BIOPSIE, CHIRURGIA E RECIDIVE: uno studio sul carcinoma basocellulare (BCC)
Punto di partenza: il carcinoma basocellulare (BCC), il tumore umano più diffuso, può trasformarsi da una forma nodulare (poco aggressiva) a una infiltrativa (altamente invasiva). Questa progressione non è causata da nuove mutazioni del DNA, ma da una riprogrammazione trascrizionale delle cellule. Cosa realmente succede? Qualcosa può scatenare questa riprogrammazione?

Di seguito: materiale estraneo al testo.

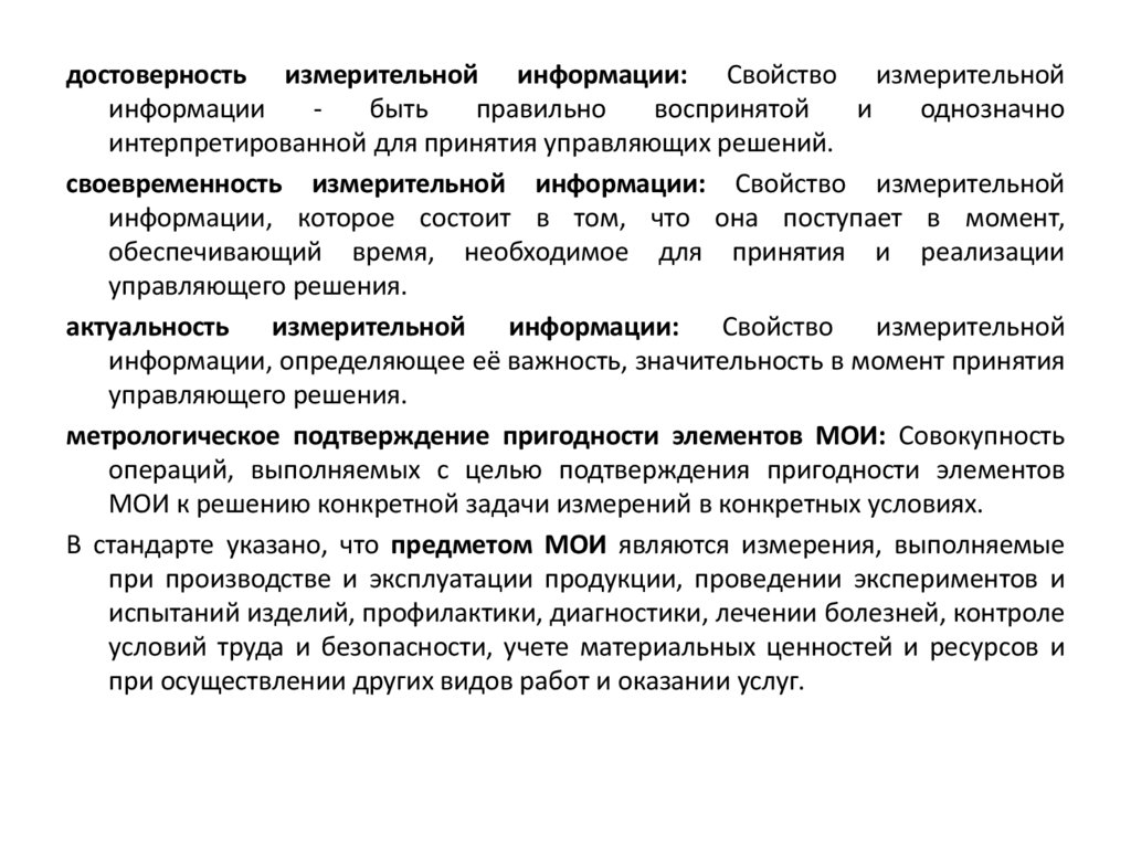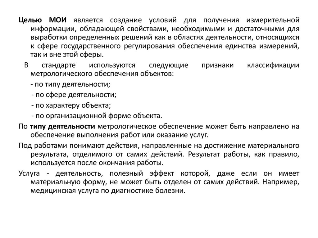Целью МОИ является создание условий для получения измерительнойинформации, обладающей свойствами, необходимыми и достаточными для
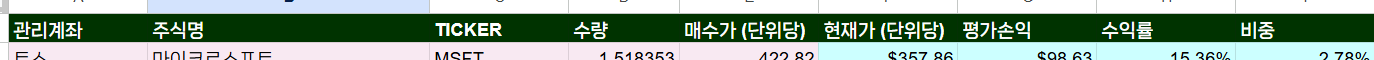 주식명: "마이크로소프트"
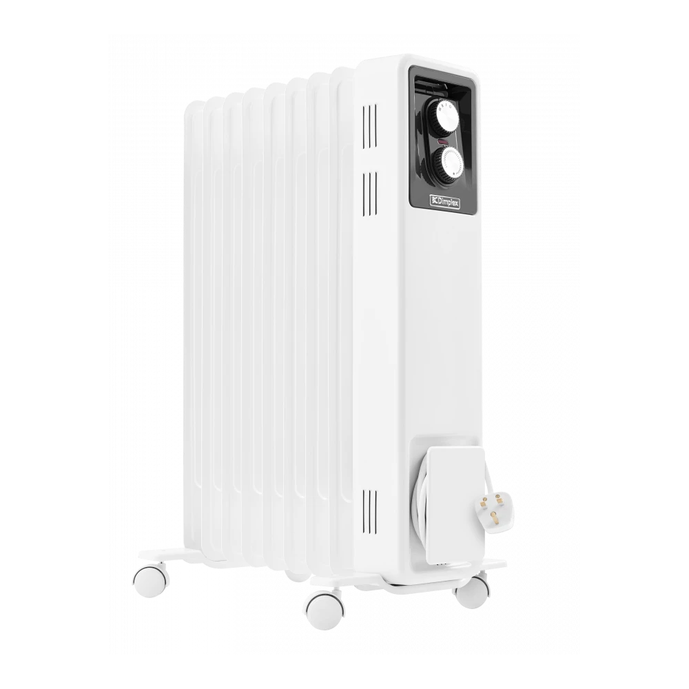 This powerful Dimplex oil filled radiator is perfect for use in the home or office where a heat boost is required. It is near silent when in operation which is ideal for bedroom use. With a 1.8m cable and castor wheels it is easy to transport and has a generous reach. The thermostat controls the heat output according to the room temperature. This ensures that the heater does not product heat unnecessarily.Â

I ricercatori hanno scoperto che l’invasività del tumore è guidata da un programma genetico specifico strettamente legato alla naturale risposta del corpo alle ferite. Un trauma fisico, come una biopsia, può attivare questo programma e indurre le cellule tumorali a passare da uno stato non invasivo a uno invasivo in soli sette giorni. Mentre in una ferita normale il processo di guarigione si arresta a riparazione avvenuta, nel BCC il meccanismo continua indefinitamente, alimentando la progressione del cancro. Un trauma chirurgico non colpisce solo le cellule cancerose, ma determina cambiamenti anche l’ambiente tumorale. Dopo una ferita, i fibroblasti associati al cancro cambiano funzione, diventando simili a quelle presenti nei tumori resistenti ai farmaci. Questo microambiente modificato aiuta le cellule tumorali residue a diventare più forti e difficili da trattare, promuove l’invasività.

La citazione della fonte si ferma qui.